Hey, Product Owners: Your Title Sucks

In this weekly series, I opine on how language and content affect the way we understand the products and services around us. I do this for…

Hey, Product Owners: Your Title Sucks

Image Credit: http://www.barryovereem.com/characteristics-of-a-great-product-owner/

In this weekly series, I opine on how language and content affect the way we understand the products and services around us. I do this for your entertainment and education (and, of course, to remind you that if you’re looking for a freelance copy, content, product, or technical writer… yada yada, hire me).

With present day political drama congesting airwaves and internet pipes alike, it’s hard to imagine anything could be as divisive as politics.

Yet, if you read a lot about business, you’ll find equivalent amounts of contradiction and polarity.

One great example therein? Titles. Googling “are titles important?” will reveal a raging war between business thinkers. There as just as many who purport titles are meaningless as there are those who assert the opposite.

I’m in the latter camp. I believe that, like an elevator pitch for your job, your title should provide clarity around your purpose and the value you offer back to the business.

And that’s precisely why I hate the title “Product Owner”.

Wait, What Are We Talking About?

Taken literally, the title “Product Owner” conjures up images of a singular, heroic employee who “owns” the product.

With no context, you are likely to imagine someone, perhaps a starch-shirted business executive, who is ultimately responsible for the product; someone who makes the key decisions and is held accountable for their outcomes; someone who calls the shots, runs the show, takes no shit; a titan of industry and business; a Steve Jobs; a Bill Gates; an Elon Musk — the true and just and rightful owners of product and legend alike.

*Cue Superman theme song as a brilliant, golden podium rises from beneath keynote stage, smoke machines puttering perfect, pillowy clouds upon which the rising star Product Owner rises into visibility — and glory.*

But while you will rarely meet someone who actually has the title “Product Owner”, at least a few Product Managers would describe themselves in similar terms – if not go so far as to proclaim themselves (the beloathed) “CEO of the product”.

What Happens

The “Product Owner” title is, as a result of its simplicity, a cautionary tale of the profound harm that titles can do when taken too literally.

You see, the word “product” is particularly loaded these days, and in the real world, it is all-too-easy to fall into the “Steve Jobs” clone complex.

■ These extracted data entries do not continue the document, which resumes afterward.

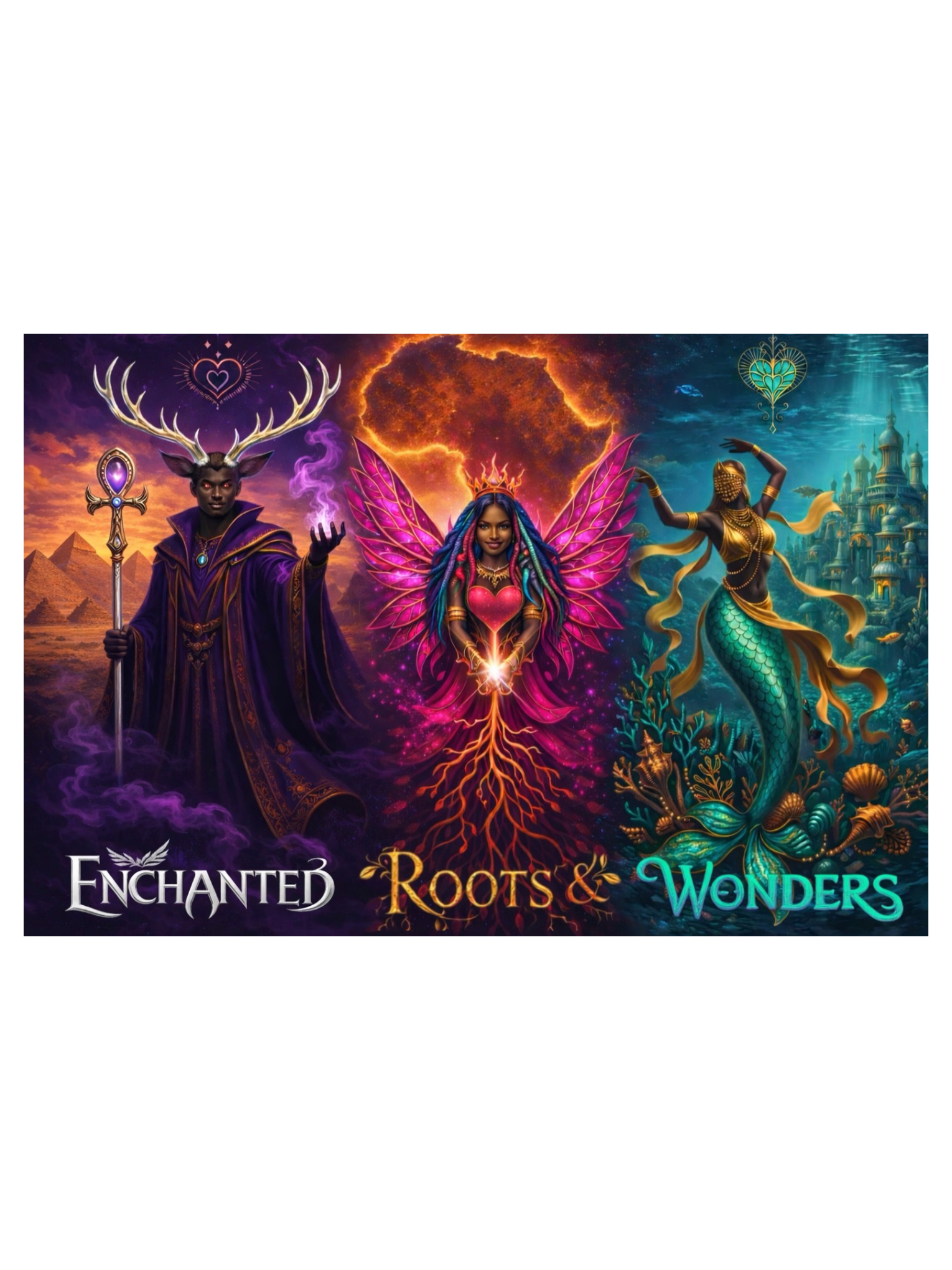 Every realm, name, and figure is created through research ~ rooted in African folklore, spiritual systems, history, and myth ~ then woven together with original storytelling. These are not invented names pulled from thin air. They are chosen with care, studied for meaning, and shaped by the cultures and legacies they echo.
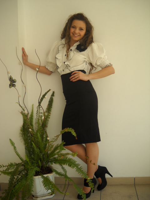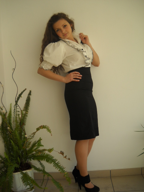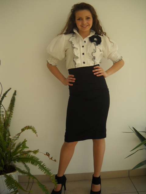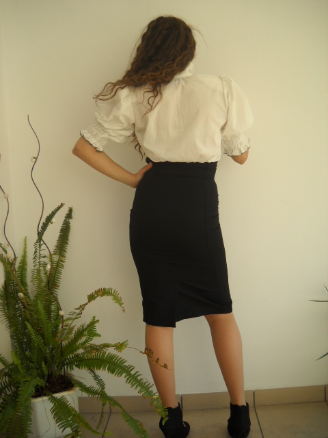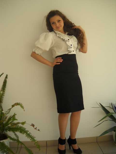 Елегантна дамска униформа – пола с висока талия и риза.
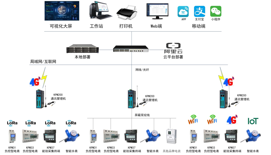 現(xiàn)場采用RS485、以太網(wǎng)GPRS、4G、NB-ot.lora、 Zigbeeifi等傳輸方式,將區(qū)域內(nèi)的電力采集模塊連接至相對的通訊管理機;各通訊管理機通過用戶局域網(wǎng)連接至中央服務(wù)器。
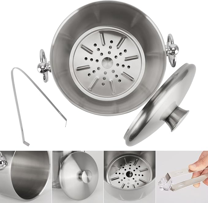 • KEEPS FROZEN LONGER - LRYBBTI 3.0 Qt ice bucket is made of double wall stainless steel for quality insulation. It is more efficient to keep your ice frozen. Comes with an airtight lid for frozen temperature locked up to 6 hours.
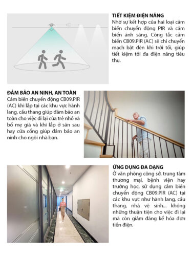 - Cảm biến chuyển động CB09.PIR (AC) sử dụng công nghệ PIR để phát hiện chuyển động hiệu quả.
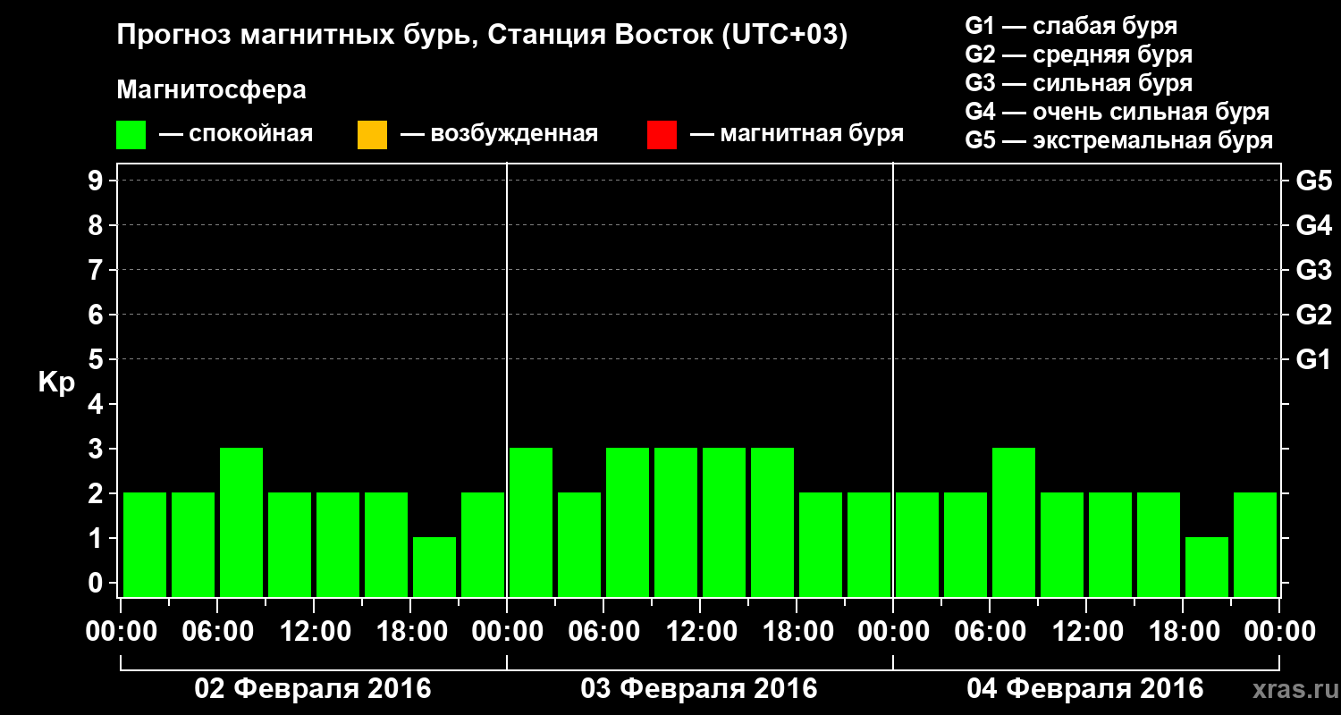 Прогноз магнитных бурь локации Станция Восток — 2 февраля 2016 года

This complex begets a misguided obsession with all the wrong things: with the UI, the UX, the implementation, the documentation, the sprints and rituals and demos and executive presentations – the myopic “what” and “how” and “when”.

The Result

These intoxicated Product Owners fail to develop that which is far less enchanting but far more important: a clear understanding and articulation of the customer problem that warrants a product solution.

In other words, they don’t own the “why”.

In fussing too much about features and functions and interface Feng Shui, these “Owners” ship products that don’t solve actual problems.

Even larger organizations can fall prey to the curse of the “Product Owner”. These organizations fail to distribute product accountability evenly amongst the developers and agile coaches and product marketers working in tandem.

This lack of accountability fosters Product Owners who are actively prevented from focusing on the outside world and the “why” as they must instead turn inward to manage the build and the “what”.

And to think: all this from a simple, two-word title.

The Takeaway

I believe words are powerful. That’s why I’ve taken increasing umbrage with the title “Product Owner” as I’ve matured in my product management career and better understood the value of the role.

There is no question that most businesses need someone to manage the build-out of a product. Like any other complex project, without a dedicated organizer, you’re likely to lose quality, money, or time if not all three.

But the true value of a Product Owner is his or her ability to understand and communicate the customer’s problems clearly, not to build the solution.

Great “POs” must educate the teams they work with on the customer problem, excite those teams to solve that problem, and help the rest of the company empathize with that problem.

In truth, we are “Problem Owners”: we own the customer problem, and it’s our responsibility to ensure that problem gets solved, however necessary—be it through product features or written documentation or even just a simple phone call.

TL;DR

The title “Product Owner” sucks.

Rather than getting caught up in your visions of grandeur as the sole champion upon which the product’s entire fortune and future rests as, instead focus your efforts on the key activity that actually matters and the one for which the role should be named instead.

Be your customer’s “Problem Owner”.

Understand the customer’s pains, empathize with your customer’s problems, and own getting those problems solved with whatever means most effective, product or otherwise.